Der Plan war, dass das Pokerspiel sie ablenkt und ihr einen netten Abend verschafft. Nichts davon war bisher geschehen. Doch an einem Freitagabend gab es noch andere Möglichkeiten sich abzulenken. Yasemine wollte nicht nach Hause, sie wollte nicht nachdenken. Sie wollte wenigstens für diese Nacht alles vergessen und einfach nur genießen.

*****
„Du bist 'ne geile Schlampe, ich mag dich, aber du musst jetzt gehen“ sagte Yasemine zur Rothaarigen, welche gerade zärtlich ihren Bauchnabel leckte, um sich ihrem Schoß zu nähern. Als wollte diese es nicht gehört haben, begann sie schnell, Yasemines Kitzler zu umkreisen, um die Situation für sich zu wenden. Yasemine ergriff mit beiden Händen ihren Haarschopf, zog ihren Kopf hoch und sah ihr fest in die Augen: „Raus mit dir!“
Der Onenightstand stand beleidigt auf, kleidete sich in wenigen Momenten an und verließ, ohne ein Wort oder einen Blick für Yasemine zu erübrigen, mit wütend polterndem Schritt die Appartementwohnung.
„Sorry, Süße, aber du kanntest die Absprache“, hauchte Yasemine vor sich hin, drehte sich kurz auf die Seite, um gedanklich umzuschalten. Minuten später stand sie auf, streichelte kurz den verpennten Kater und schaltete ihren Computer. ein.

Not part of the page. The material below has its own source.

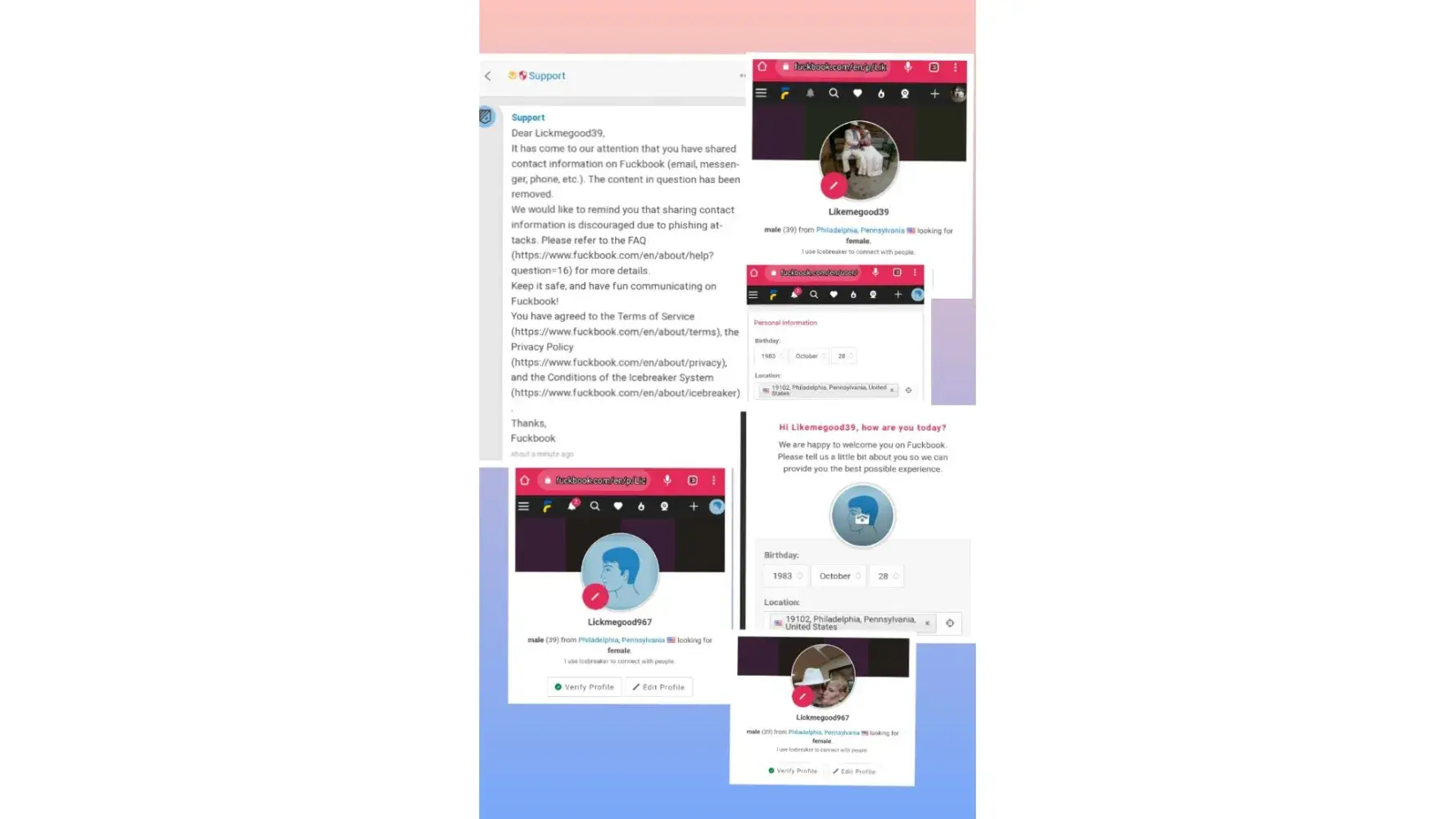 I am a married woman and my husband is on your site and I was emailing you and it came back. My husband email is [protected]@gmail.com and his user name on this site is called lickmegood39 and you need to remove him and he doesn't live in philadelphia pennsylvania and he lives with me his wife and we live in ct and his dob is not october 28, 1983 his real dob is [protected] and your support messaged him stating he was in violation of your terms and I have all the information you need.
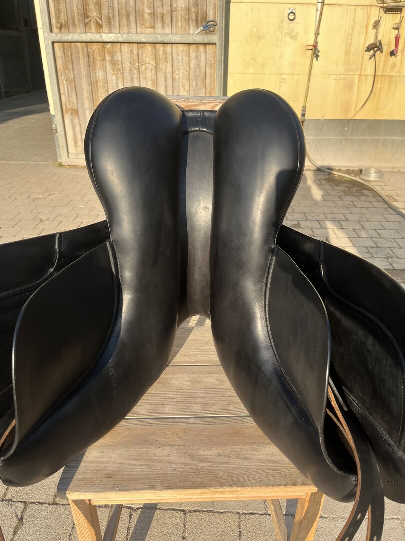 Jag säljer en 3S dressyrsadel i mycket gott skick med stabiliserande paneler. Sadeln är 5 år gammal och har inte använts ofta. Den har inga märken eller sprickor och har alltid varit väl omhändertagen. Den har paneler med kardborreband för justering. Den har en halvdjup sits och är mycket bekväm. Sadelkammarens bredd är ca 33/34.

Unter den siebzehn neuen Nachrichten war nur eine relevant: Brüssel AC 18.00*TE.I-PF 3667. Ihre Stirn runzelte sich. „Ihr könnt mich mal; ich hab euch gesagt, dass Schluss ist“ schimpfte sie halblaut vor sich hin. In diesem Moment läutete das Telefon.
„Ja“.
„Alles verstanden?“ fragte eine raue Stimme mit leicht französischem Akzent.
„Hör zu, du Spinner! Üb Yoga und lutsch dir deine Eier!“ erregte sich ihre Stimme.
„Oh, du willst also, dass wir deiner Motivation erneut nachhelfen?“ kam es sarkastisch zurück. „Wie hieß sie noch mal? Saphira?“
Yasemine schluckte, Tränen ließen ihre Augäpfel feucht werden. Mit größter Konzentration wahrte sie ihre Stimmlage: „Ich wette, Arschloch, du hast auch Menschen, die dir wichtig sind. Ich werde...“
Bösartiges Lachen unterbrach ihr Reden. „Es geht um die Sache, mon cherie, Menschen sind ohne Bedeutung. Schade, dass du das noch nicht begriffen zu haben scheinst. Du könntest dir eine Menge Schmerz ersparen, wenn du endlich anfangen würdest, die richtigen Prioritäten zu setzen. Deine Menschenliebe macht dich verwundbar...gut für uns, solange du nicht nervst. Dein Umfeld ist observiert und die Leute langweilen sich langsam dabei. Wenn du nicht willst. na, du weißt schon mon ami, dann beweg deinen süßen türkischen Arsch und halt` dich an die Regeln.“
Er legte auf.

Yasemine sank zu Boden. Ein Tränen ergossen sich über ihre Wangen und benetzten ihren nackten Körper. „Großer Gott, konntest du mich nicht als befruchtete Eizelle in der Kanalisation verschwinden lassen?“ schluchzte sie.
Der alte träge Kater raffte sich auf und umstreifte ihre Unterschenkel. Sonst tat er dies mit lautem Mauzen, um sein Frühstück einzufordern. Heute tat er es ganz anschmiegsam. Er hatte ein Gespür für außergewöhnliche Situationen. Sie ergriff ihn, nahm ihn in die Arme und weinte in sein getigertes Fell. Nach einer Weile gab sie ihm sein Frühstück, griff zum Telefon und rief Max an, um ihm endlich zu sagen, dass er nachmittags bei Ronny Saxophon spielen muss.
„Eine gute Tat am Tag reicht“, dachte sie zynisch. Sie holte sich ein Glas Wasser und legte sich ins Bett. Ihr letzter Blick vor Einschlafen galt dem Glas Wasser auf dem Nachtisch. Sie fand noch die Kraft zu lächeln und murmelte trotzig „Mein Glas ist halb voll, ihr Säcke!“ bevor sie erschöpft einschlief.